» Exercise instructions
Each line of the listing must be transcribed exactly, except for the images, which should be excluded.
= = = =
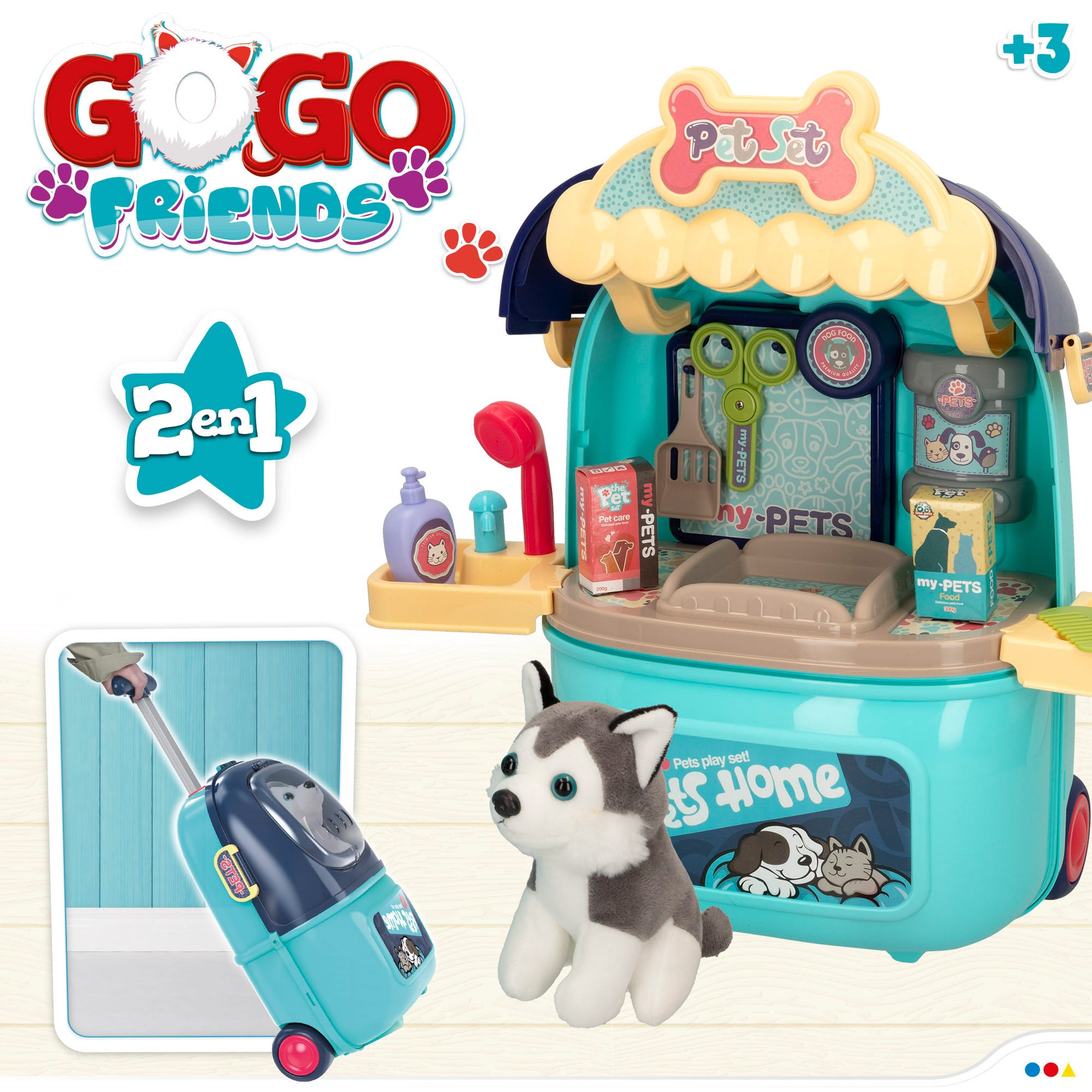 ¡Con este maletín peluquería canina juguete 2 en 1 Go Go Friends descubrirás tu vocación como peluquero canino! Cuida de las mascotas de tus clientes como si fueran tuyas gracias a todos los accesorios que incluye y conviértete en el peluquero más famoso y adorable de la ciudad. Podrás lavarlos, cortarles el pelo, jugar con ellos, darles de comer y dejarlos descansar un ratito hasta que se relajen y duerman tras la sesión de belleza. ¡No te olvies de darles un premio por haberse portado tan bien! Cuando termines con tu labor, guarda todos los accesorios en el maletín con asa y ruedas y transpórtalo con facilidad hasta la próxima vivienda.
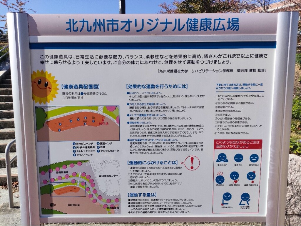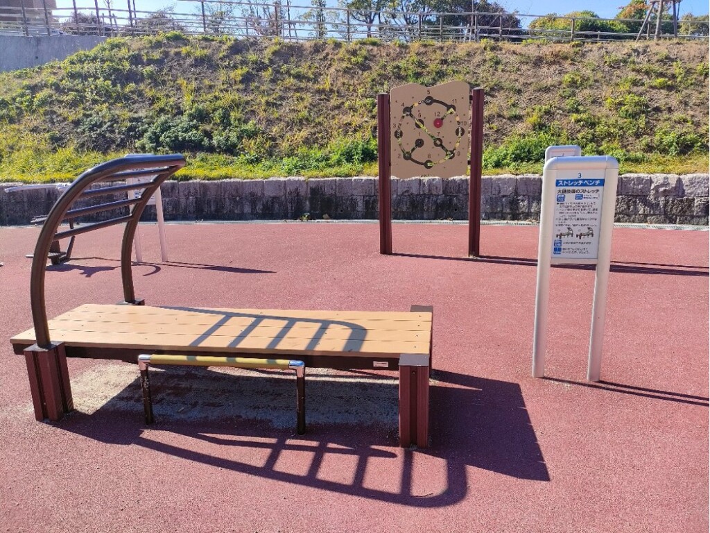 ここには「背伸ばしベンチ」「肩・腕の運動器具」「ストレッチベンチ」「ツイストベンチ」「腹筋ベンチ」「鉄棒」「タンデムウォーク」が用意されており、7種類の運動ができるようになっています。健康広場の遊具は、九州栄養福祉大学リハビリテーション学部長教授の監修です。
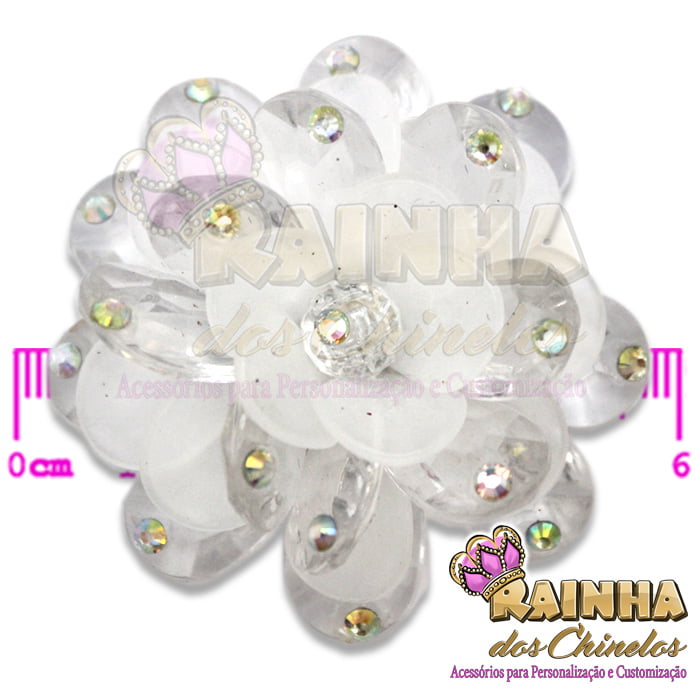 Flor de Acrílico Transparente com Strass de excelente qualidade. Não desbota!
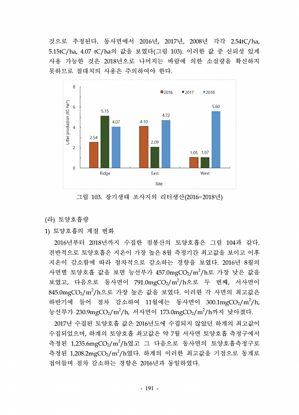 191 것으로 추정된다. 동사면에서 2016년, 2017년, 2008년 각각 2.54tC/ha, 5.15tC/ha, 4.07 tC/ha의 값을 보였다 그림 103 이러한 값 중 신뢰성 있게 사용 가능한 것은 2018년으로 나머지는 바람에 의한 소실량을 확신하지 못하므로 절대치의 사용은 주의하여야 한다. 그림 103. 장기생태 조사지의 리터생산 20162018년 라 토양호흡량 1 토양호흡의 계절 변화 2016년부터 2018년까지 수집한 점봉산의 토양호흡은 그림 104과 같다. 전반적으로 토양호흡은 지온이 가장 높은 8월 측정기간 최고값을 보이고 이후 지온이 감소함에 따라 점차적으로 감소하는 경향을 보였다. 2016년 8월의 사면별 토양호흡 값을 보면 능선부가 457.0mgCO2/m2/h로 가장 낮은 값을 보였...
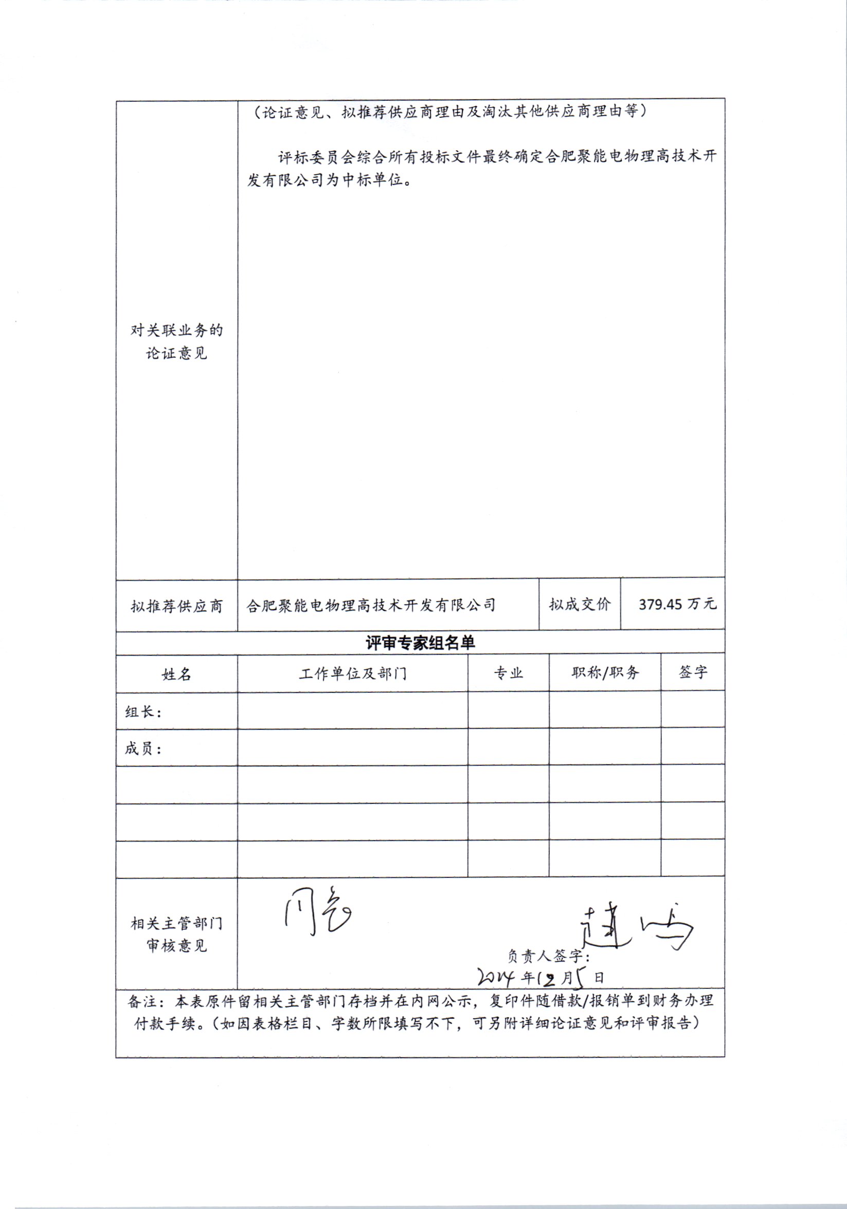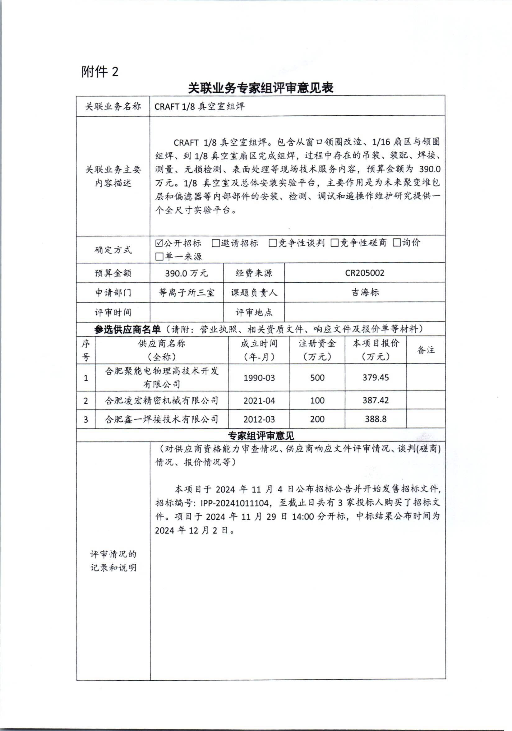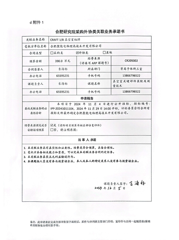 根据《中国科学院关于加强科研项目关联业务管理的暂行规定》(科发条财字〔2015〕125号)、《中国科学院合肥物质科学研究院关于加强科研项目关联业务管理的实施细则》(科合院发资字〔2021〕8号)、《合肥研究院加强关联业务管理暂行办法》(科合院发资字〔2022〕1号)要求,现就我院委托合肥聚能电物理高技术开发有限公司进行CRAFT 1/8真空室组焊项目进行关联业务公示。
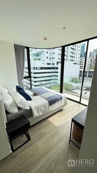 คอนโดมิเนียม 2 ห้องนอน 2 ห้องน้ำ ขนาดใช้สอย 62 ตร.ม. ในเขตวัฒนา ออกแบบสวยสไตล์โมเดิร์น ห้องมุมกระจกเต็มบานรับแสงธรรมชาติและวิวสกายไลน์ ห้องนอนปูพื้นไม้พร้อมตู้เสื้อผ้าบานเลื่อนกระจกฝ้าและมุมทำงาน ห้องน้ำหินอ่อนแยกส่วนอาบน้ำกระจกและอ่างอาบน้ำแบบลอยตัวชมวิว ผ่อนคลายได้ทุกวันกับสระว่ายน้ำบรรยากาศรีสอร์ทและสวนสีเขียว
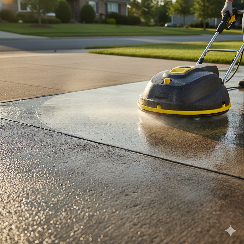 We employ two professional methods to clean your property safely and effectively. Soft Washing is our specialized, low-pressure method, delivering force comparable to a garden hose (under 100 PSI). It uses safe, biodegradable cleaning solutions that sanitize surfaces, killing mold, algae, and dirt at the root for a longer-lasting clean. This technique is ideal for all delicate materials, including roofs (shingles/tile), vinyl siding, stucco, painted surfaces, and sensitive areas like bare wood (fences and decks). For hard, resilient surfaces, we use Monitored Pressure Washing, which involves higher, controlled force. We precisely monitor and adjust the PSI to prevent damage while effectively removing deeply embedded grime, oil, and tough stains from surfaces such as concrete driveways, sidewalks, durable pavers, and hard masonry.
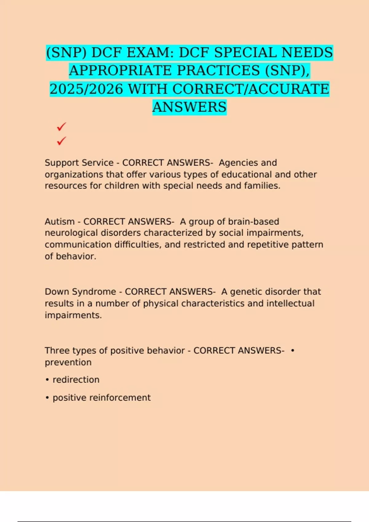 Down Syndrome - CORRECT ANSWERS- A genetic disorder that
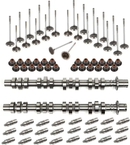 Este artículo incluye: 1 Árbol de levas izquierdo (izquierda - lado del conductor) 1 Árbol de levas derecho (derecha - lado del pasajero) 24 levantadores/ajustador de pestañas 16 válvulas de admisión (3 ranuras; cabeza 1.331 in x vástago 0.236 in x longitud 4.618 in) 8 válvulas de escape (3 ranuras; cabeza 1.476 in x vástago 0.235 in x longitud 4.583 in) 24 sellos de vapor de válvula
= = = =
» Answer box
 ¡Con este maletín peluquería canina juguete 2 en 1 Go Go Friends descubrirás tu vocación como peluquero canino! Cuida de las mascotas de tus clientes como si fueran tuyas gracias a todos los accesorios que incluye y conviértete en el peluquero más famoso y adorable de la ciudad. Podrás lavarlos, cortarles el pelo, jugar con ellos, darles de comer y dejarlos descansar un ratito hasta que se relajen y duerman tras la sesión de belleza. ¡No te olvies de darles un premio por haberse portado tan bien! Cuando termines con tu labor, guarda todos los accesorios en el maletín con asa y ruedas y transpórtalo con facilidad hasta la próxima vivienda.
 ここには「背伸ばしベンチ」「肩・腕の運動器具」「ストレッチベンチ」「ツイストベンチ」「腹筋ベンチ」「鉄棒」「タンデムウォーク」が用意されており、7種類の運動ができるようになっています。健康広場の遊具は、九州栄養福祉大学リハビリテーション学部長教授の監修です。
 Flor de Acrílico Transparente com Strass de excelente qualidade. Não desbota!
 191 것으로 추정된다. 동사면에서 2016년, 2017년, 2008년 각각 2.54tC/ha, 5.15tC/ha, 4.07 tC/ha의 값을 보였다 그림 103 이러한 값 중 신뢰성 있게 사용 가능한 것은 2018년으로 나머지는 바람에 의한 소실량을 확신하지 못하므로 절대치의 사용은 주의하여야 한다. 그림 103. 장기생태 조사지의 리터생산 20162018년 라 토양호흡량 1 토양호흡의 계절 변화 2016년부터 2018년까지 수집한 점봉산의 토양호흡은 그림 104과 같다. 전반적으로 토양호흡은 지온이 가장 높은 8월 측정기간 최고값을 보이고 이후 지온이 감소함에 따라 점차적으로 감소하는 경향을 보였다. 2016년 8월의 사면별 토양호흡 값을 보면 능선부가 457.0mgCO2/m2/h로 가장 낮은 값을 보였...
 根据《中国科学院关于加强科研项目关联业务管理的暂行规定》(科发条财字〔2015〕125号)、《中国科学院合肥物质科学研究院关于加强科研项目关联业务管理的实施细则》(科合院发资字〔2021〕8号)、《合肥研究院加强关联业务管理暂行办法》(科合院发资字〔2022〕1号)要求,现就我院委托合肥聚能电物理高技术开发有限公司进行CRAFT 1/8真空室组焊项目进行关联业务公示。
 คอนโดมิเนียม 2 ห้องนอน 2 ห้องน้ำ ขนาดใช้สอย 62 ตร.ม. ในเขตวัฒนา ออกแบบสวยสไตล์โมเดิร์น ห้องมุมกระจกเต็มบานรับแสงธรรมชาติและวิวสกายไลน์ ห้องนอนปูพื้นไม้พร้อมตู้เสื้อผ้าบานเลื่อนกระจกฝ้าและมุมทำงาน ห้องน้ำหินอ่อนแยกส่วนอาบน้ำกระจกและอ่างอาบน้ำแบบลอยตัวชมวิว ผ่อนคลายได้ทุกวันกับสระว่ายน้ำบรรยากาศรีสอร์ทและสวนสีเขียว
 We employ two professional methods to clean your property safely and effectively. Soft Washing is our specialized, low-pressure method, delivering force comparable to a garden hose (under 100 PSI). It uses safe, biodegradable cleaning solutions that sanitize surfaces, killing mold, algae, and dirt at the root for a longer-lasting clean. This technique is ideal for all delicate materials, including roofs (shingles/tile), vinyl siding, stucco, painted surfaces, and sensitive areas like bare wood (fences and decks). For hard, resilient surfaces, we use Monitored Pressure Washing, which involves higher, controlled force. We precisely monitor and adjust the PSI to prevent damage while effectively removing deeply embedded grime, oil, and tough stains from surfaces such as concrete driveways, sidewalks, durable pavers, and hard masonry.
 Down Syndrome - CORRECT ANSWERS- A genetic disorder that
 Este artículo incluye: 1 Árbol de levas izquierdo (izquierda - lado del conductor) 1 Árbol de levas derecho (derecha - lado del pasajero) 24 levantadores/ajustador de pestañas 16 válvulas de admisión (3 ranuras; cabeza 1.331 in x vástago 0.236 in x longitud 4.618 in) 8 válvulas de escape (3 ranuras; cabeza 1.476 in x vástago 0.235 in x longitud 4.583 in) 24 sellos de vapor de válvula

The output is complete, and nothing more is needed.